Only one stretch of the data below should be repeated: the lines from the line containing "Büro-Wandkalender zum Aufhängen, Monatsplaner, Papier, Jahr" through the line containing "但反观五粮液营收占比达到20", inclusive, exactly as they are.

* [Source records]

══════

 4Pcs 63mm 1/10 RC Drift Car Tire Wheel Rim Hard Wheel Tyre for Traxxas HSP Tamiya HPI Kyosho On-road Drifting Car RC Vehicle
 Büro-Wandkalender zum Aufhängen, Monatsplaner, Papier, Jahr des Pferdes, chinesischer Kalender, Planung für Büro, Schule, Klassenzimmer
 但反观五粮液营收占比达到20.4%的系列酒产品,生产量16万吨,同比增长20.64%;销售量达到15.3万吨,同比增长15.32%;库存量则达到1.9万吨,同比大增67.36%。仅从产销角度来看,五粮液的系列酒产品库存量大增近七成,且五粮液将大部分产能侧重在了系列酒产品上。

══════

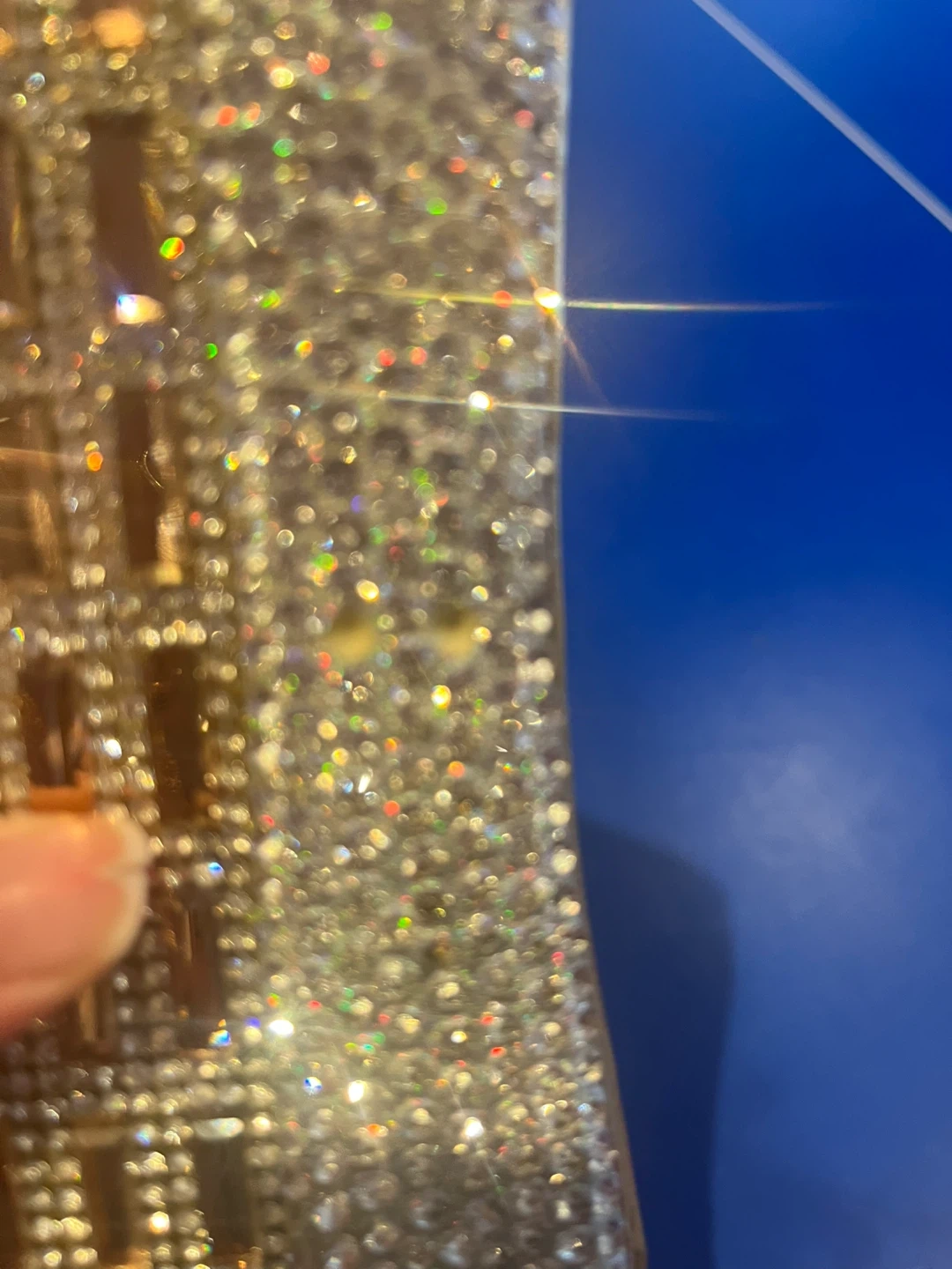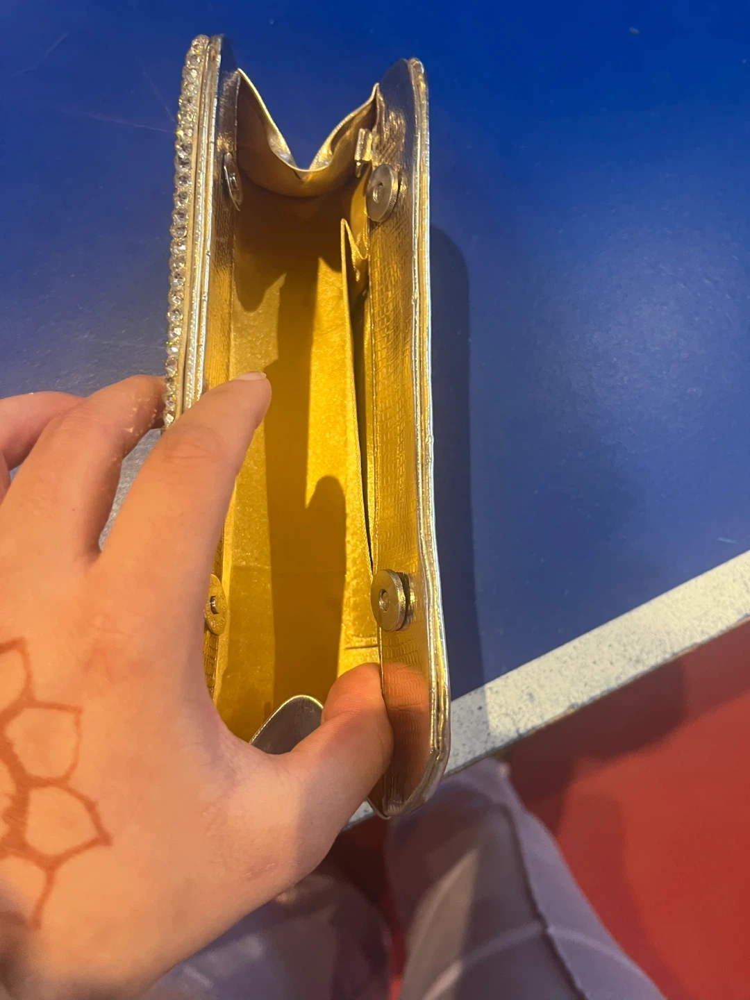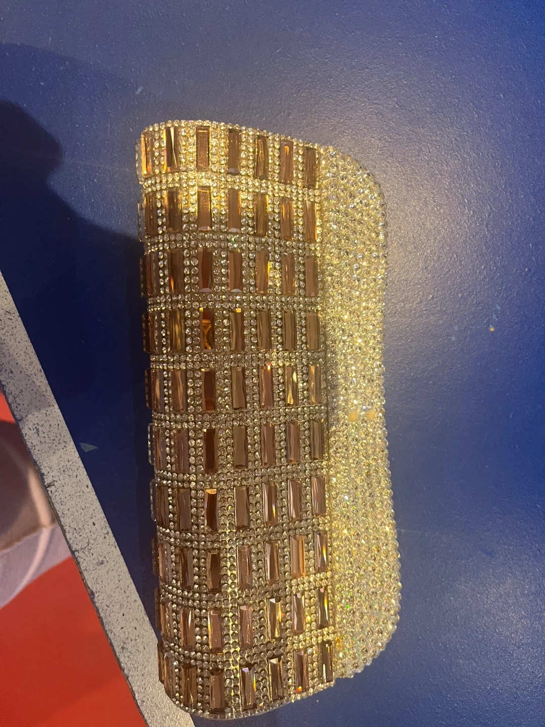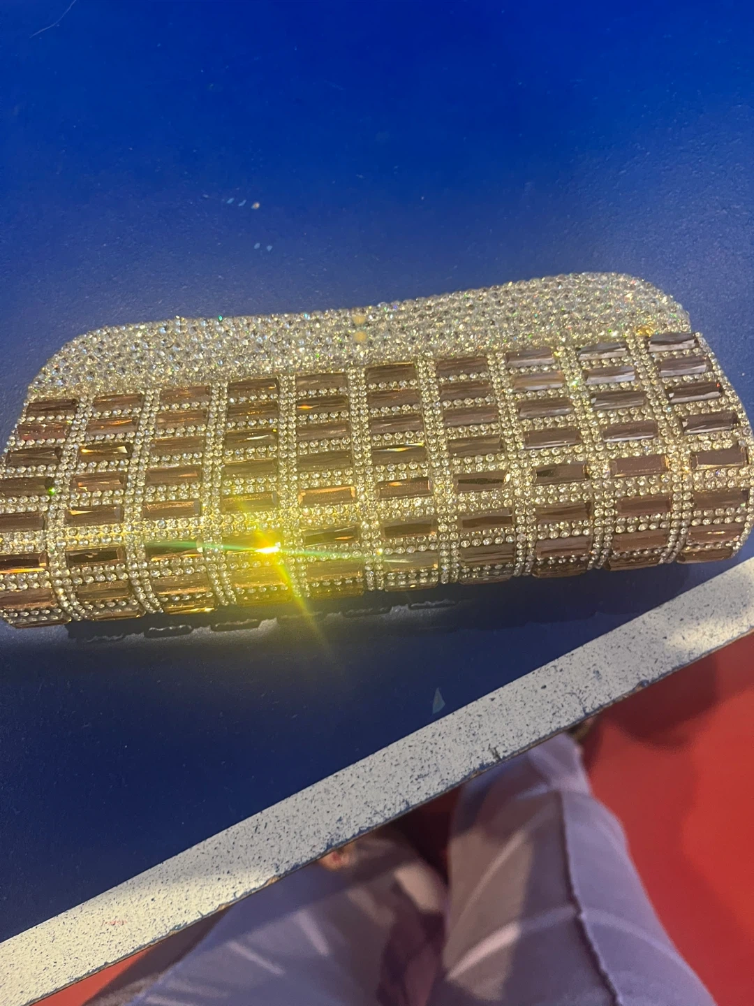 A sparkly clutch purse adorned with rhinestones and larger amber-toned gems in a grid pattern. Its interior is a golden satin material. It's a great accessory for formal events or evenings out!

══════

* [Exercise result]
 Büro-Wandkalender zum Aufhängen, Monatsplaner, Papier, Jahr des Pferdes, chinesischer Kalender, Planung für Büro, Schule, Klassenzimmer
 但反观五粮液营收占比达到20.4%的系列酒产品,生产量16万吨,同比增长20.64%;销售量达到15.3万吨,同比增长15.32%;库存量则达到1.9万吨,同比大增67.36%。仅从产销角度来看,五粮液的系列酒产品库存量大增近七成,且五粮液将大部分产能侧重在了系列酒产品上。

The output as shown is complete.